This is a standalone version of ASMO-PODE, a surrogate based optimization and distribution estimation algorithm.
Quick start: please run banana2D/banana2D_ASMOPODE.py to start your first run. For more information about ASMO-PODE, please read the paper. And please cite it if you use the code in your own research. Gong, W., & Duan, Q. (2017). An adaptive surrogate modeling-based sampling strategy for parameter optimization and distribution estimation (ASMO-PODE). Environmental Modelling & Software, 95, 61–75. https://doi.org/10.1016/j.envsoft.2017.05.005
Many test cases with the test function banana2D.

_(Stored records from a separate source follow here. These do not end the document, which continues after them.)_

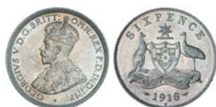
2701* George V, 1918M. Full original cartwheeling mint bloom on the reverse, lightly toned with blue red hues, nearly uncirculated/uncirculated and rare in this condition, the key date.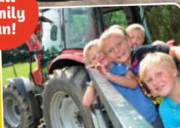
Full family fun!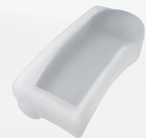
▲ PAL Silicone Cover

◀ Small Volume Sample Adapter for PAL Allows for measurements with a small volume of sample. Place directly on the sample stage.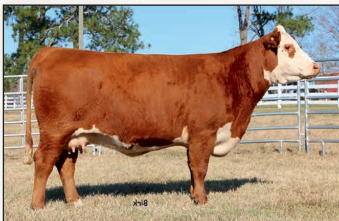
CPH SUNNY 100W K187 – GRANDDAM OF LOT 111.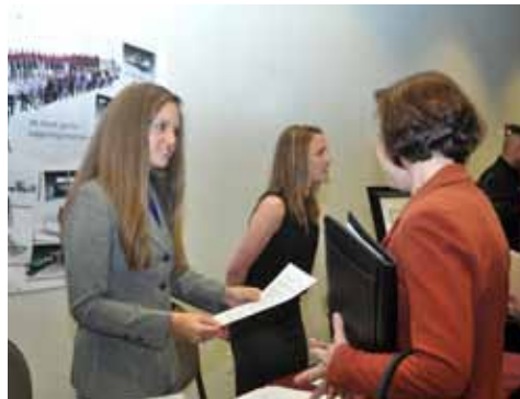
Representative from Onsrud shares information with one of the many job seekers.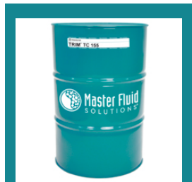
54-gallon drum SKU: TC155-54G UPC-12: 641238009962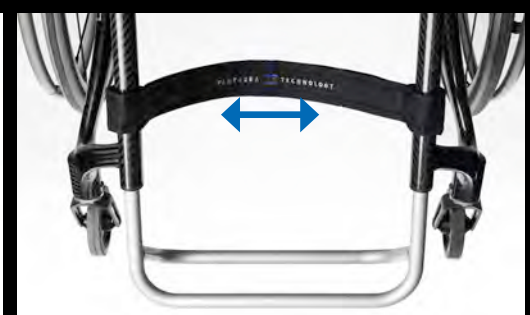
FIG. 3 FIG. 4 FIG. 5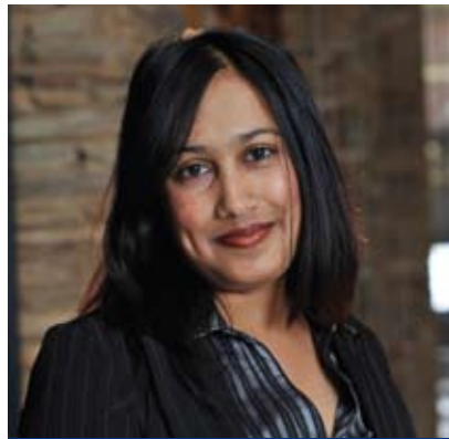
By: Nazeera Ramroop

Consolidation is a mixed blessing: Fewer schemes leave consumers with fewer choices. However, larger schemes present better economies of scale, improved stability of risk pools and facilitate the management of complex legislative provisions. In addition, larger medical schemes are able to more effectively negotiate prices with suppliers. Notwithstanding that better prices might be negotiated by these larger schemes the majority of the schemes remain ineffective which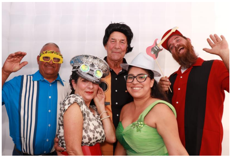
Costume change at the end of the night

- banana2D_Metropolis.py: Metropolis algorithm, a classical Markov Chain Monte Carlo algorithm.
- banana2D_AM.py: Adaptive Metropolis algorithm.

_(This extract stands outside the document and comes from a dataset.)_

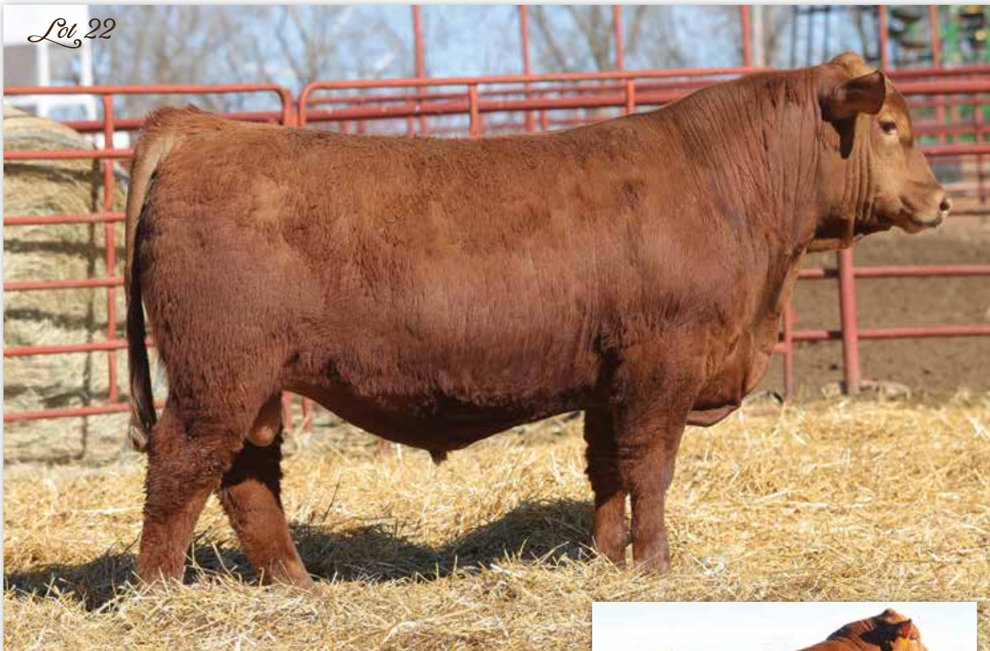
9 MILE BLOCKOUT 7102 - SIRE OF LOTS 22 - 29

- banana2D_DRAM.py: Delayed Rejection Adaptive Metropolis algorithm.
- banana2D_ASMOPODE.py: This algorithm ASMO-PODE.
ASMOPODE.py support parallel evaluation of multiple Markov Chains on surrogate model. Just set Parallel = True. However, because module object cannot be pickled, although Metropolis.py AM.py and DRAM.py support parallel compution, the banana2D.py module cannot be used parallely with them.
Note that must compile the c-based Gaussian Processes Regression libs.
Step 1: cd src
Step 2: install swig in your python. For an example, conda install swig (if you use anaconda). Better to install numba to accelerate Metropolis. For an example, conda install numba (if you use anaconda)
Step 3: python download_numpy.i.py (download corresponding numpy.i file for swig)
Step 4: python setup_cgp.py build
Step 5: cp build/lib.your.system.xxx/_cgp.cpython.xxx.so . (file name may be different for different systems)
Done! Let's try ASMO-PODE now!
Step 6: cd ../banana2D
python banana2D_ASMOPODE.py
Other files in directory banana2D:
- banana2D.py: the 2D distribution function banana2D.
- banana2D.txt: the parameter name, lower bound, upper bound.